There is no doubt that modern algebraic geometry is a difficult subject for the student. First, the student needs to have a good understanding of basic (analytic) geometry and, at least, some basic knowledge of topology. Most algebraic geometry courses begin with some flavor of commutative algebra, combined with the basic theory of algebraic and projective sets, leading to Hilbert's Nullstellensatz (aka Hilbert's zeros theorem). The commutative algebra, can be more or less difficult, depending on the depth of the treatment. However, the real difficulties lie ahead in the concepts of sheaves, schemes and sheaf cohomology, combining commutative algebra and topology with new definitions which may seem dramatically contrived to the student if these concepts are not properly justified and explained through numerous examples.
Even though there are standard advanced algebraic geometry texts available in the market (e.g. Hartshorne's Algebraic Geometry or Mumford's The Red Book of Varieties and Schemes), there is (as far as I am aware) no standard basic text on the subject — perhaps Shafarevich's Basic Algebraic Geometry comes closest. This lack of a standard reference represents an opportunity for authors.

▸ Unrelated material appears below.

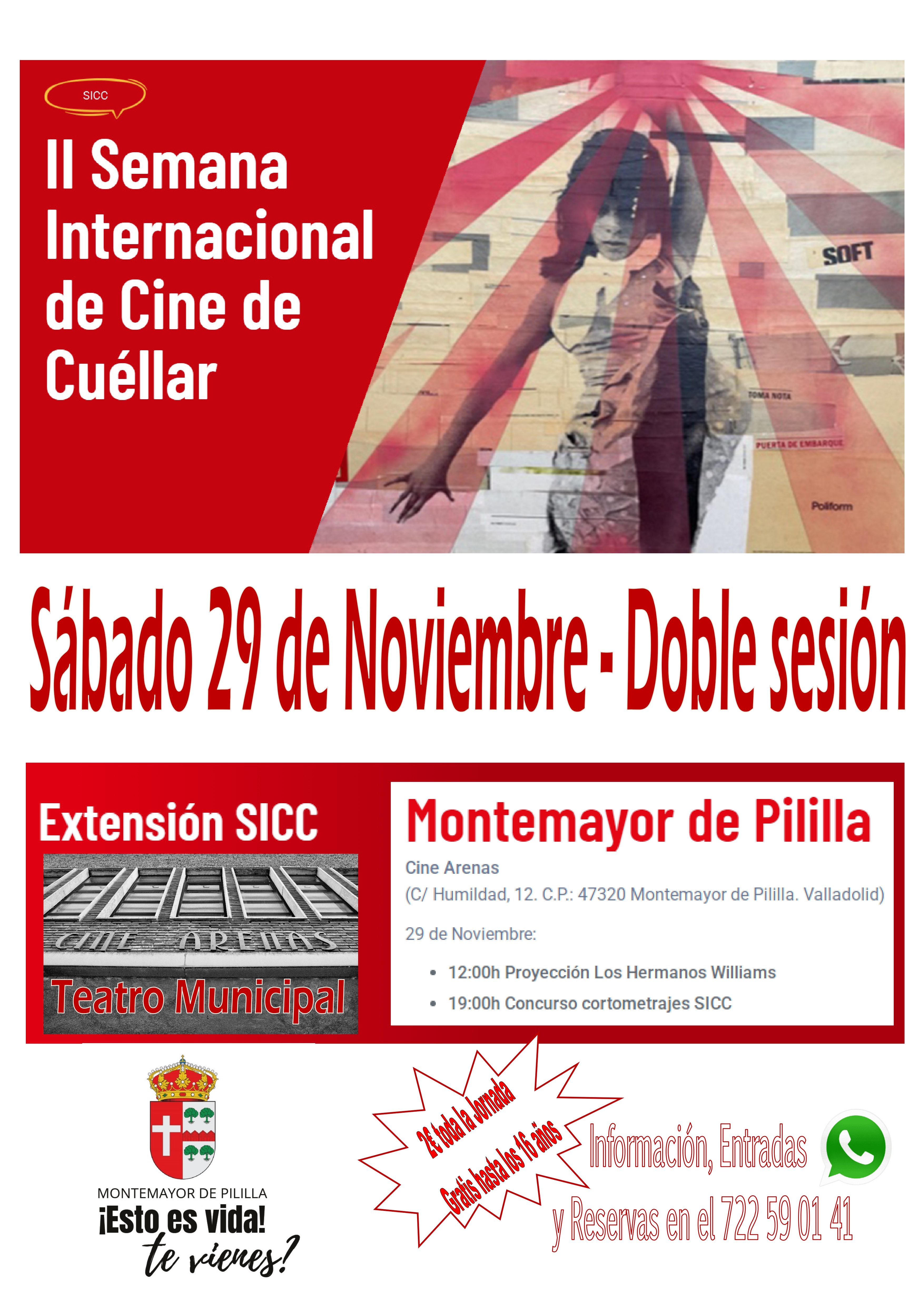 Sábado Cine Arenas - Extensión de la II Semana Internacional de Cine de Cuéllar (SICC)2025-11-27 12:14:38CulturaLa pasada semana se celebró la II Semana Internacional de Cine de Cuéllar (SICC), un evento que volvió a convertir a la Villa de Cuéllar en un punto de encuentro para los amantes del séptimo arte. Como colaboración y Extensión de dicha semana Montemayor de Pililla y nuestro fantástico Cine Arenas contará este fin de Semana (Sábado 29 de noviembre) con una sesión doble abierto a todos los públicos.
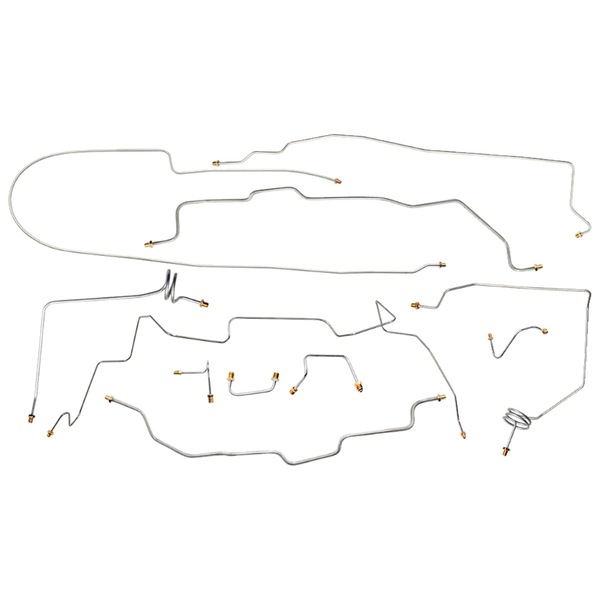 This preformed complete brake line kit will replace all the metal brake lines on your vehicle and includes the master cylinder lines, left front line and right front crossover line, intermediate lines, and rear axle lines/trailing arm lines.

The book under review, Algebraic Geometry, by Daniel Perrin, is an introductory text on modern algebraic geometry. It is aimed to be the text for a first basic course for graduate students. The principle of the book is to use some easy-to-state problems (such as Bézout's theorem on intersections of curves, or the question of whether a curve has a rational parametrization) to motivate the theory. The author avoids commutative algebra as much as possible by simply stating the theorems that he needs along the way. This allows him to keep the emphasis on the main subject: geometry. Some may argue that these theorems in commutative algebra are essential to algebraic geometry, but it is undoubtedly true that including a detailed treatment of commutative algebra, with proofs, adds a large amount of material to an already heavy load. Perrin also avoids using the language of schemes (except for finite schemes in the context of intersection multiplicities).
Perrin covers affine algebraic sets (including the Nullstellensatz) and projective sets; sheaves are introduced very early on (page 37) together with varieties, structure sheafs and sheaves of modules. There follow treatments of the concept of dimension; tangent spaces and algebraic singularities; Bézout's theorem; sheaf cohomology; arithmetic genus of curves and the weak Riemann-Roch theorem; rational maps, geometric genus, rational curves and blow-ups; and the concept of scheme-theoretic complete intersection of space curves. Each chapter is complete, with a good set of exercises (two or three pages per chapter) and there are several additional exercises in the appendix, of a lengthier and more involved nature (which would make good projects for the student).
The appendix also contains a summary of useful results from commutative algebra and a brief introduction to the language of schemes. Moreover, Perrin has also included a number of exams that he used in his own courses.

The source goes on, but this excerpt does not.